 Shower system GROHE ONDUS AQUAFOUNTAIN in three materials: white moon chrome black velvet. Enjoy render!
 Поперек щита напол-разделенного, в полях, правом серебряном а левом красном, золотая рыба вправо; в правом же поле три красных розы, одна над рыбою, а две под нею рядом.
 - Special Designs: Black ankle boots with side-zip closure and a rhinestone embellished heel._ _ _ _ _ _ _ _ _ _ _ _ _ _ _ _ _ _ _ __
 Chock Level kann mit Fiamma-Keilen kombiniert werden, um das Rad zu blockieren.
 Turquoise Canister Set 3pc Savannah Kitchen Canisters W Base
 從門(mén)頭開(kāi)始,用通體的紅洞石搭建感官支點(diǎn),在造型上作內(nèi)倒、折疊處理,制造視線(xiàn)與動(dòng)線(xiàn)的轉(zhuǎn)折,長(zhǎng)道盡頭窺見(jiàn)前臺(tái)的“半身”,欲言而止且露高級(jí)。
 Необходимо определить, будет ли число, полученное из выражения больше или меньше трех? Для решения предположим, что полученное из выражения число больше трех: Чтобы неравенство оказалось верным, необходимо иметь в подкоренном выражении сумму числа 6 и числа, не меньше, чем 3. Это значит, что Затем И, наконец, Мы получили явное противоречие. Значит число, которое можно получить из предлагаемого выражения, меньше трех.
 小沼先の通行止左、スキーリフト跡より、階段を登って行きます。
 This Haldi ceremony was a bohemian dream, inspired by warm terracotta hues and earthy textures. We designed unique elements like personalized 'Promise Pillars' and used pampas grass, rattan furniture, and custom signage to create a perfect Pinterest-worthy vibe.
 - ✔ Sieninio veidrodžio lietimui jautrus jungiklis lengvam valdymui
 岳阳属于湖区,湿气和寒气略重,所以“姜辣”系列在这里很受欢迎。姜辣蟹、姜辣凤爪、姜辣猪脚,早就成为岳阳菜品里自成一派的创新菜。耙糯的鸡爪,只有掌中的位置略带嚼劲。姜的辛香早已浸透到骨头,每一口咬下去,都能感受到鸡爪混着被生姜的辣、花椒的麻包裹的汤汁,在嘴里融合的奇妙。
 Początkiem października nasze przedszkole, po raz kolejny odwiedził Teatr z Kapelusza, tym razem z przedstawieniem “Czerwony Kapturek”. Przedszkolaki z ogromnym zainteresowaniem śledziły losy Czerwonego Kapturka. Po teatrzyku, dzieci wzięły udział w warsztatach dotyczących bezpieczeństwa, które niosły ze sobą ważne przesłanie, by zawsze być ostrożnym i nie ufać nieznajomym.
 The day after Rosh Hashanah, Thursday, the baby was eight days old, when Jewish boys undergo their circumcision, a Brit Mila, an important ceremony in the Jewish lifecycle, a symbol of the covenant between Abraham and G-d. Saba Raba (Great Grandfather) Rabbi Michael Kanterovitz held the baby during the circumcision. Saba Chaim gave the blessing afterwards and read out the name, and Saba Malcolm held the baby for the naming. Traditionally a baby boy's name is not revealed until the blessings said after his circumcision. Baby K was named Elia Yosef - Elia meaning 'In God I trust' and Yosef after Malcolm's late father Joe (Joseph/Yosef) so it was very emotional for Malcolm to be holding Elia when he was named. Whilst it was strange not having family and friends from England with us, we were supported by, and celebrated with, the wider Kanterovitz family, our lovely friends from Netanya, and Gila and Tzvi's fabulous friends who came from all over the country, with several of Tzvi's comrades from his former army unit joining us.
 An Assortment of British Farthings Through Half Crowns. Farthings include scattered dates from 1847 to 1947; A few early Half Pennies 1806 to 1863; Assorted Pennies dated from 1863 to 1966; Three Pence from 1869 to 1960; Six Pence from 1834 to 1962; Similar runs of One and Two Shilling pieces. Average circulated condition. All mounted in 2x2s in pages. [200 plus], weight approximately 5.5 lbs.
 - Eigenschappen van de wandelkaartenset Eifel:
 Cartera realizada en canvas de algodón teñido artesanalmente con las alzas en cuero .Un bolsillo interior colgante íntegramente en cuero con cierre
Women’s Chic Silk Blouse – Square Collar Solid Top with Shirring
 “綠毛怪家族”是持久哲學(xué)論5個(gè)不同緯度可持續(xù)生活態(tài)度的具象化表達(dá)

What is being asked:
Your task for the entries above: copy exactly the span starting with the line with "小沼先の通行止左、スキーリフト跡より、階段を登って行きます。" and going on through the line with "This Haldi ceremony", both lines included, and nothing else.

Solved problem:
 小沼先の通行止左、スキーリフト跡より、階段を登って行きます。
 This Haldi ceremony was a bohemian dream, inspired by warm terracotta hues and earthy textures. We designed unique elements like personalized 'Promise Pillars' and used pampas grass, rattan furniture, and custom signage to create a perfect Pinterest-worthy vibe.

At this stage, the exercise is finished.